First generation RESPITE demonstrator was originally planned to be on the SpeechDat Car database from Matra. However, Matra have left and we do not have this database. It was agreed to use Aurora 2.0 instead. Several partners already have this.
The number of possible tests (involving combinations of different features, different speech enhancement techniques prior to feature extraction, etc., as well as the possibility of training either with clean data, or mixed clean and noisy data) is very large. Before running more tests on either system, we therefore need to consider carefully which tests should be run. ACTION: agree on which tests we should start running.
Most partners are currently using whole-word HMMs with small vocabulary recognition tasks. ACTION: we still need to decide the exact HMM topology which each demonstrator will use.
Do we intend to also test with sub-word HMMs? This may not be necessary for the demonstrators, but it would certainly be desireable to test at least our best systems on medium sized vocabulary CSR as well, which would require monophone or triphone models.
Do we want to test missing-data using data imputation? Andrej had some quite good results combining SS with MD imputation.
For some of the more exotic experimental systems, it might be a good idea to do a quick complexity study before bothering to test them on a system which is aimed at real-time processing.

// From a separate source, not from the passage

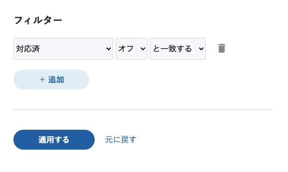 対応済みかどうかの真偽値のAPIスキーマを追加して、フィルター機能で一覧から除外してみましょう。

Report on both demonstrators due March 2001.

Psycho-acoustics: plans and products

Bill's report on the psycho-acoustics group discussion to go here

Scope for interaction between different techniques presented

Several areas of potentially useful interaction between the different techniques presented were identified. Summary of ideas will be presented as a clickable grid to go here - soon.

SPHEAR & RESPITE steering comittee - See the private pages of SPHEAR & RESPITE

Jordy's slot

It will be very nice to have a standard test database.
Liked CASA work. If they havn't done this already, its important that CASA people check the wide litterature on correlograms.
Could multi-source decoder idea be taken down to the level of individual time/freq pixels?

Answer (Andrew Moris) - that sounds very like the HMM/GME approach which I presented at this meeting, but with the data vector covering several speech frames instead of just one. The optimal size of data window as used in HMM/ANN ASR is around 100 ms (9 frames). The problem here (baring quantum computers) is the number of different possible positions of missing data components within this window, and the time it takes to evaluate the posterior state probabilities for each one. I would guess that about 10 different positions of missing data is feasible, and 10 is a lot less that 2^(9*20).

You should feel pretty good about the work you're doing.

Imminent deliverables

ACTION: For end of this year

"Interfacing CASA to speech recognition". Concerns mostly Fred and Jon.
"Experiments in human speech perception". Laurent to reminf Fred about something he did in this line.
Documented software for multi-stream speech recognition (IDIAP, FPM)

STRUT onto web, with pointer to documentation?
RBF/GME software? (undocumented, over 9000 lines of C code)

ACTION: For end of this month

"Combining multi-stream with missing-data approaches" (IDIAP, report, not software). All multi-band is MS+MD. So is HMM/GME. Should not be hard to do a quick summary report, and refer to various recent publications.
"Multi-source decoder and report" (Sheffield)

AOB

Phil noted that "ICP part in RESPITE demonstrator has to be discussed"

Forthcoming meetings

RESPITE: Thurs Jan 25th, Fri 26th in Luxembourg - Phil to check

SPHEAR: Fri 6th, Sat 7th April in Keele

CRAC: Sun 2nd December 2001 (replaces the joint SPHEAR/RESPITE meeting for next year).